At 5 PM he clocked out and knocked on his boss’ door. The older man received him warmly and even served him a glass of Scotch to celebrate his departure. He talked about the future, about acquisitions and growth and real estate and children. Matthieu only listened. His future was an unknown, and this excited him. After 15 minutes they both rose and shared a quick hug. ‘Good luck at the reservation’ the boss said.

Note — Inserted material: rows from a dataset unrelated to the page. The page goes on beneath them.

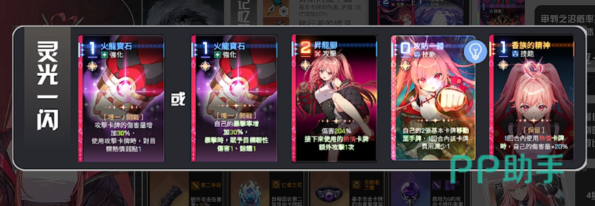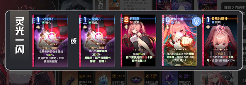 灵光一闪选择策略需分层判断:首选火龙宝石,提供30%全伤害提升及热情弱点附加效果,既强化破韧效率,又扩大后续增伤覆盖范围;次选30%暴击率加成,直接拔高升龙脚暴击触发概率;最优解为“每使用1张热情卡牌,额外攻击1次”,在攻防一体复制量达10+时,单回合可触发15次以上额外攻击,且每段均享受全部增益,上限极高。若未获取该选项,可退而选择“额外攻击2次攻防一体”。值得注意的是,若升龙脚的灵光一闪效果非“移动”或“生成”类(即第2或第4个选项),建议重开存档;整体优先级为:移动>生成>抽取。
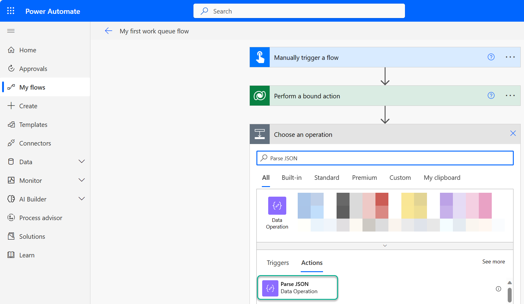 - Dodaj nowy krok, wybierając + Nowy krok i wyszukaj akcję o nazwie Analizuj JSON i zaznacz ją.
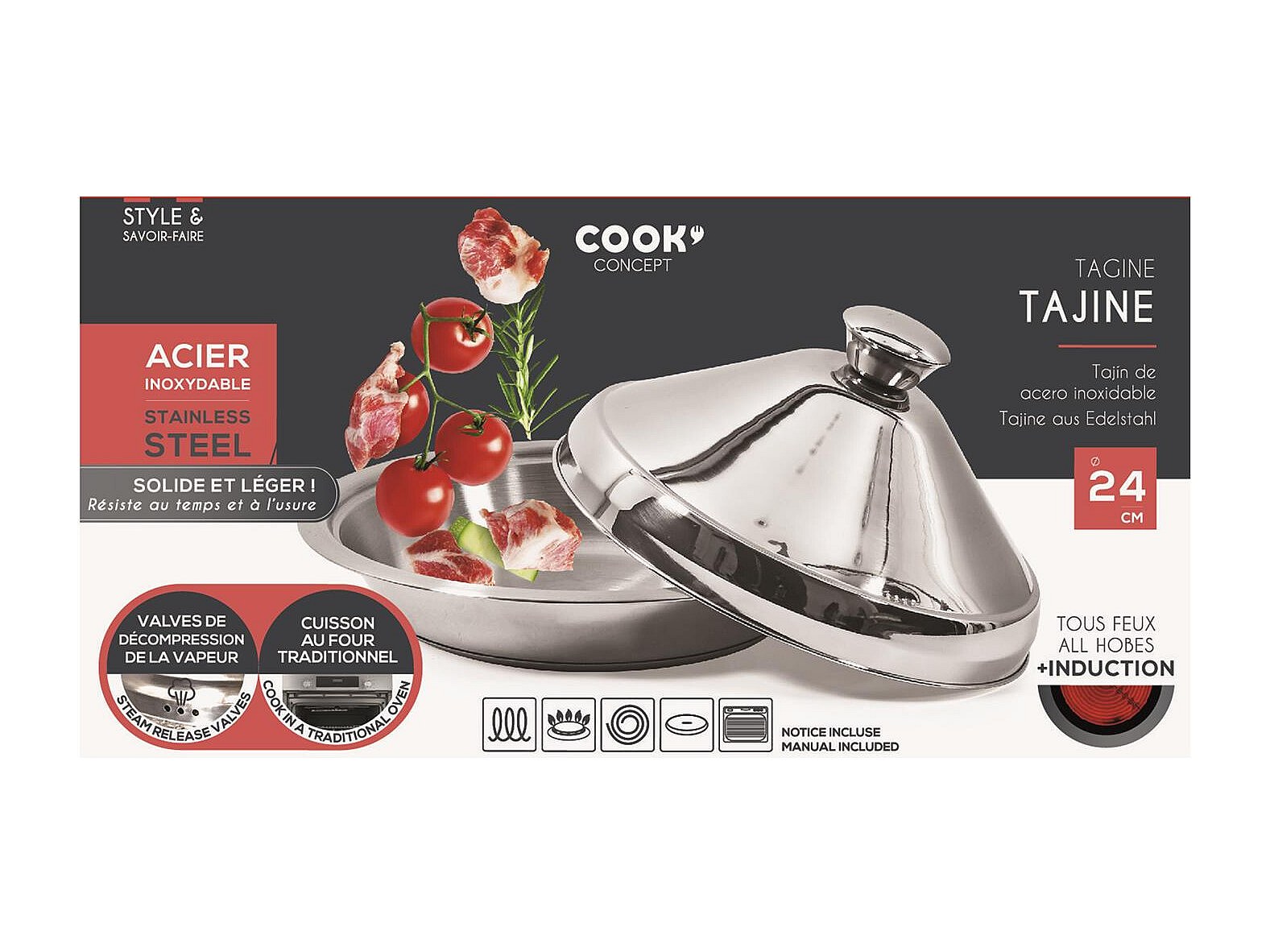 Tajine en acier inoxydable 24cm Compatible Tous Feux (Induction) et four
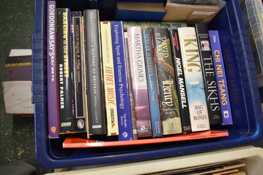 Two boxes of various hardback and softback books including steam railways, military, historical etc
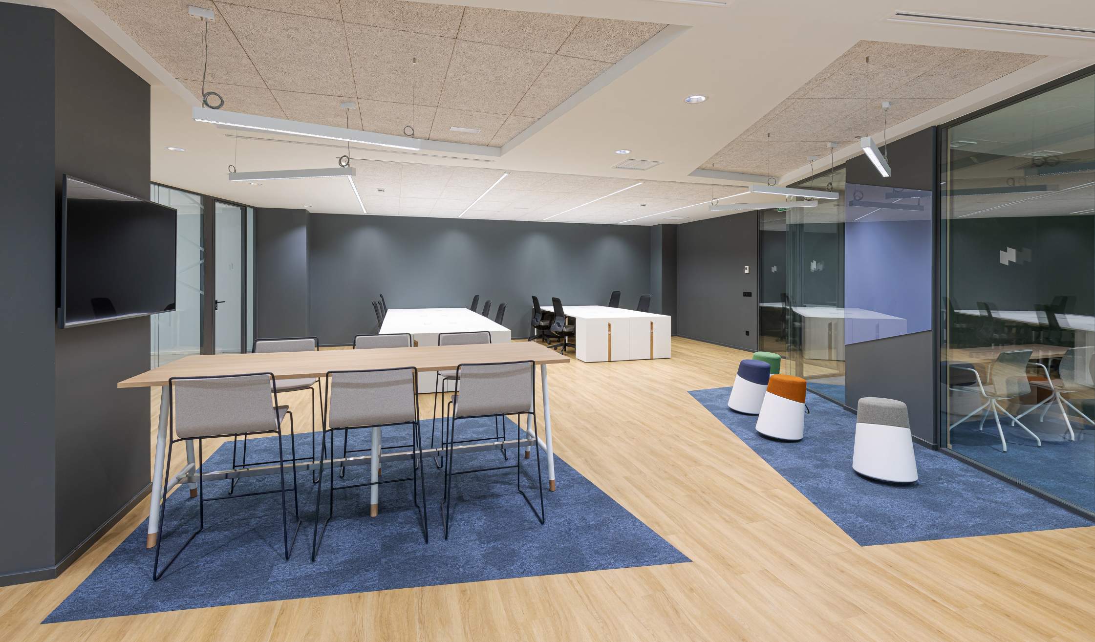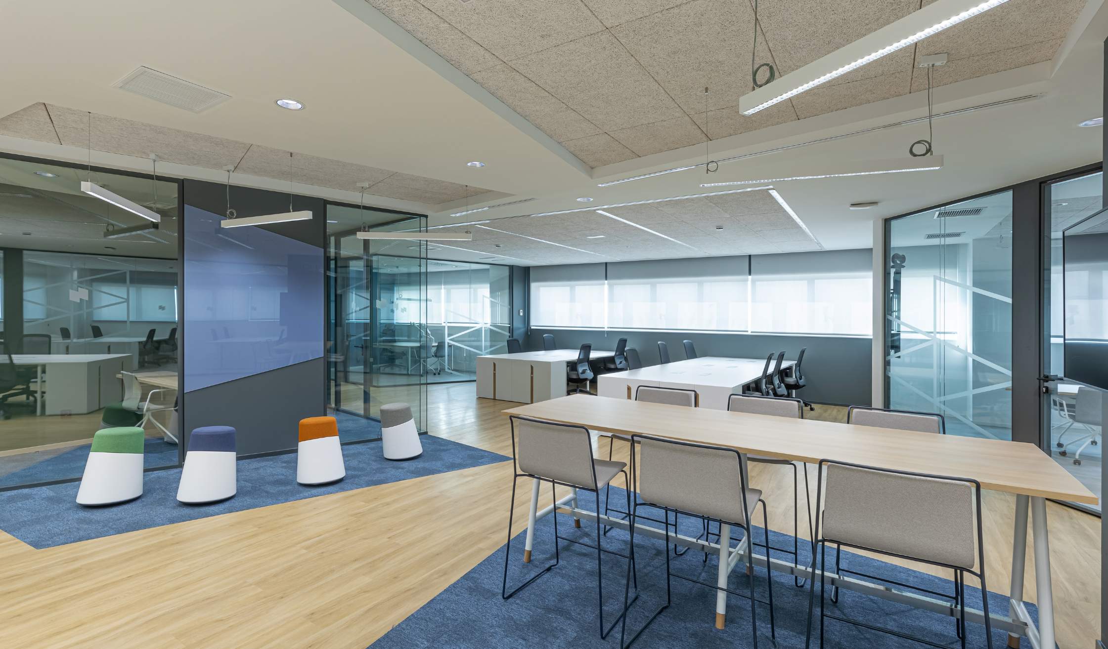 - En las áreas privadas, como despachos o salas de reuniones, se empleó pavimento de PVC gris combinado con mobiliario de madera y techos registrables de viruta, generando contrastes que definen los espacios de manera funcional y estética. Entre otro mobiliario, se suministran mesas, sillas, piezas de almacenaje, taburetes…
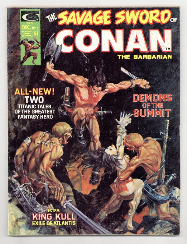 Starts Apr 27 Conan stars in "At the Mountains of the Moon-God." Script by Roy Thomas, pencils by John Buscema, inks by Pablo Marcos. Conan also stars in "Demons of the Summit." Script by Thomas, art by Tony DeZuniga. Adapted from the story by Bjorn Nyberg. Blackmark stars in "The Testing of Blackmark." Script and art by Gil Kane (art assist by Neal Adams); reprints chapter 3 of the Bantam Books paperback. Kull stars in "Kull of Atlantis." Text by Robert E. Howard (from the story "Exile of Atlantis"), art by Barry Windsor-Smith. Article about Kull, "The First Barbarian," by Lin Carter with illustrations by John Severin. Letter to the editor from writer Harlan Ellison. Alfredo Alcala frontispiece. Michael Kaluta cover. Cover price $1.00.
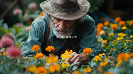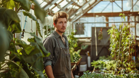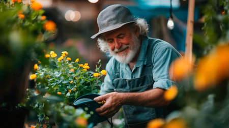 A seasoned gardener, his face etched with wisdom, carefully arranges potted plants in a sun-drenched greenhouse His gentle touch and serene expression embody the peaceful tranquility of tending to nature This photograph captures the essence of horticultural expertise, a moment of quiet contemplation amidst vibrant life AI Generative
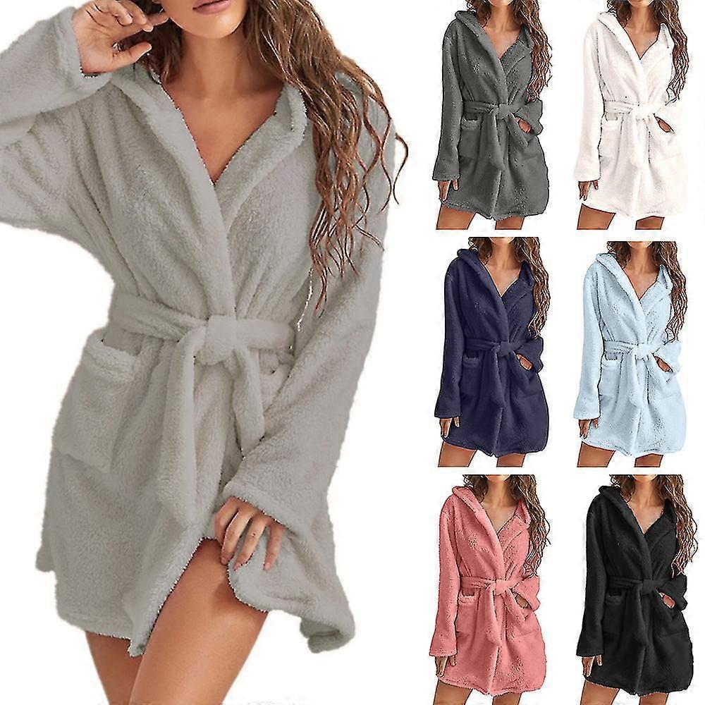 Women Soft Plush Fleece Robe Hooded Mid Length Pocket Bathrobe
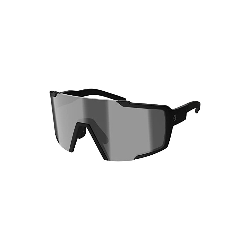The Shield Compact is optimized for narrower faces. The glass is 4mm narrower, which brings the frame closer to the face and ensures a better fit. Race tested and stylish - all in one piece. The Shield Compact sunglasses combine a frameless, cylindrical design with a huge field of vision and completely and comfortably cover the rider's eyes. The photosensitive photochromic lens is self-tinting. Details: Fit: for small to medium face sizes, Scott Fusion Frame interchangeable lenses, optimised helmet integration, non-slip, adjustable nose piece, non-slip temples, special fit for narrow faces, Scott Precision Optics, lens quality, Scott light sensitive photochromic technology, shock protection, maximum field of view, extra large lens cover, 100% UV protection, Scott laser print, weight approx. 32 g hard case with microfibre bag. Material:
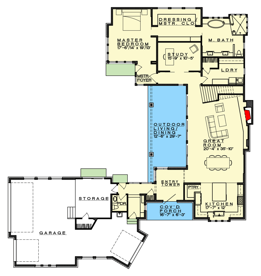 Sliding glass doors lead from the great room to a covered outdoor living and dining area that stretches almost the full length of the house.
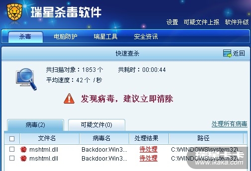 我的也是啊,今天就报mshtml.dll是病毒.昨天还没有.搞的我上网都无法上网.一键恢复后,还报这个是病毒.
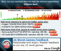 さて,先ほどの「CLICK HERE TO FIND OUT!」ボタンを押して十数秒ほど――Game-o-Meterでは「最長2分程度」とされている――待つと,Game-o-Meterの表示は左のようなものに切り替わるはずだ。これもだいたい見れば分かると思うが,中央より少し上のところにある炎のゲージにある緑のラインがいわゆる「必須環境」,黒いラインが手持ちのPCのスペックだ。さらに,「See full analysis at YouGamers!」のリンクをクリックすると,YouGamersへジャンプして,より細かな情報を見ることができるようになる。

He decided to leave without packing his things, as there was nothing he would need anymore. He quickly said goodbye to his co-workers and glanced around the office. Only on the last fiscal year he had been the fourth employee to go native. The empty desks were not filled yet, and with the accelerating indian turnover they probably wouldn’t be so soon. Grim days ahead! Thank God these concerns were behind him now. Matthieu waved goodbye to the surviving colleagues – one of them he knew would soon go native as well, after finishing the transfer of his property titles to his children so he wouldn’t leave them destitute.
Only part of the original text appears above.